What is an example of a commutative ring $A$ with $\dim A = 0$ that is not artinian (or equivalently, not noetherian)?

A related question is: Give an example of an affine scheme $X$, such that $X$ is discrete as topological space, but $\mathcal{O}_X(X)$ is not noetherian/artinian.

Yet another question: Why does the converse of proposition 8.3 in Atiyah-MacDonald fail for a ring $A$ with $\dim A = 0$? (The proposition says that artinian rings have finitely many maximal ideals.)

I have tried various constructions, but they all fail somehow.

Answer by Mariano Suárez-Alvarez for A $0$-dimensional ring that is not noetherian

2012-04-06T08:23:46Z

The quotient of $\mathbb Q[x_1,x_2,\dots]$ by the ideal generated by all products $x_ix_j$ with $1\leq i\leq j<\infty$ is an example.

Answer by Filippo Alberto Edoardo for A $0$-dimensional ring that is not noetherian

2012-04-06T08:36:31Z

Why don't you take infinitely many copies of a field?

Answer by Martin Brandenburg for A $0$-dimensional ring that is not noetherian

2012-04-06T08:43:57Z

Take any compact totally disconnected Hausdorff space $X$ (for example the Cantor set, or the one-point compactification of $\mathbb{N}$). Then $\mathcal{C}(X,\mathbb{F}_2)$ is a ring whose spectrum is homeomorphic to $X$. In particular, this ring is zero-dimensional, but this ring is noetherian iff $X$ is finite.

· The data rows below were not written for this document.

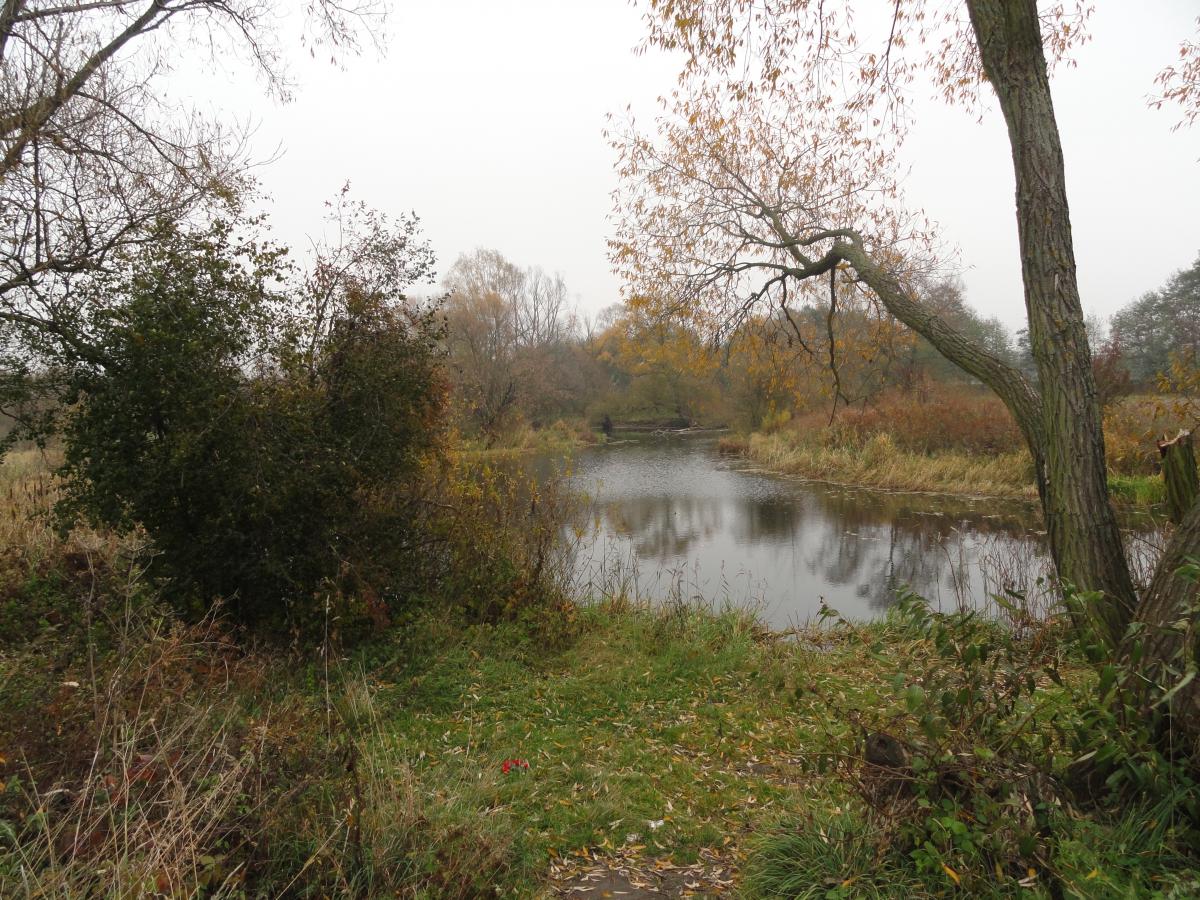 Chociaż sobie jeszcze podskakuję, to z tą młodością, nie za fajnie ;). Nie możemy chodzić na psacerki na łąki przy rżysku pokukurydzianym, bo je posypali jakąś azofoską i są białe i niewątpliwie, nieodpowiednie do psich spacerów. No, to chodzimy nad Orzyc - niestety, trochę dalej od nas, ale ładniej. Tam (niestety), są albo krowy - które koniecznie chce ganiać Lerka, albo pozostałości po krowach, którymi zainteresowana jest Bliss......No, to obok krów, Lerka idzie na smyczy, a tam gdzie są pozostałości, dostaję kręczu karku, bo muszę patrzeć i pod nogi i na Bliss, która jak zwykle idzie pół kroku za mną...... Co jakiś czas, Bliss postanawia a przywołać do porządku wałęsającą się Lerkę, a ja muszę patrzeć, czy ta lekcja, nie przebiega na krowich plackach, których dookoła - dostatek...... Na zdjęciach, Orzyc jesienią, łąki i pola nadorzyckie , krowy i psy -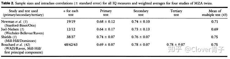 下表比较了全部四项研究的样本量和类内相关性。这些相关性在一个狭窄的范围内(0.64至0.74)变化,这表明在没有环境相似性的假设下,遗传因素约占智商差异的70%。智商的广泛遗传力的这一估计高于最新的估计值(0.47至0.58)的基础上。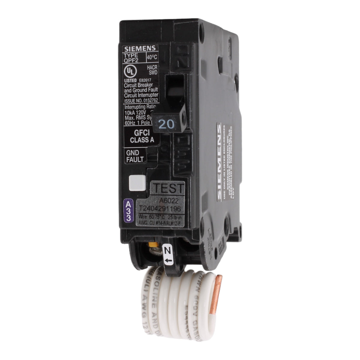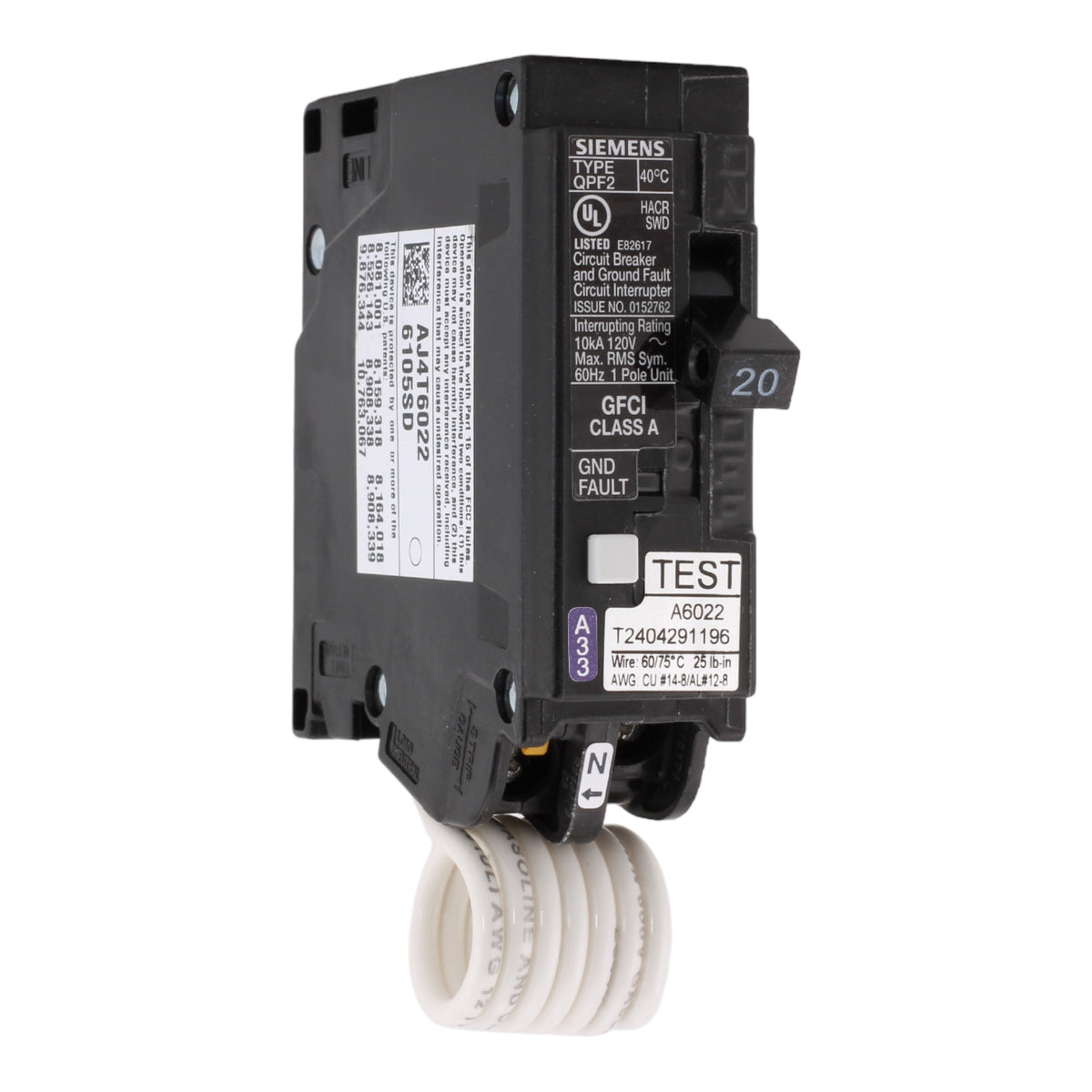 Siemens QF120AP 20 Amps 120 Volts Single-Pole GFCI Ground Fault Circuit Interrupter Pigtail Neutral

More generally, a commutative ring is called von Neumann regular when for every $x$ we have $x^2 | x$ (in particular, boolean rings qualify). Equivalently, every localization at a prime ideal is a field. In particular, they are zero-dimensional (in fact, they are precisely the reduced zero-dimensional rings). It is easy to check that these rings are closed under infinite products.

In particular, an infinite product of fields is a zero-dimensional ring, which is not noetherian. If the index set is $I$, the spectrum is the space of ultrafilters on $I$.

EDIT: It is even more trivial to give non-reduced examples. If $V$ is any $k$-module, then $A=k \oplus V$ is a $k$-algebra (with $V^2=0$). Then $A_{\mathrm{red}}=k$ is a field, in particular $\mathrm{Spec}(A)$ is just a single point. If $V$ is not noetherian as a module, it is clear that $A$ won't be noetherian as a ring.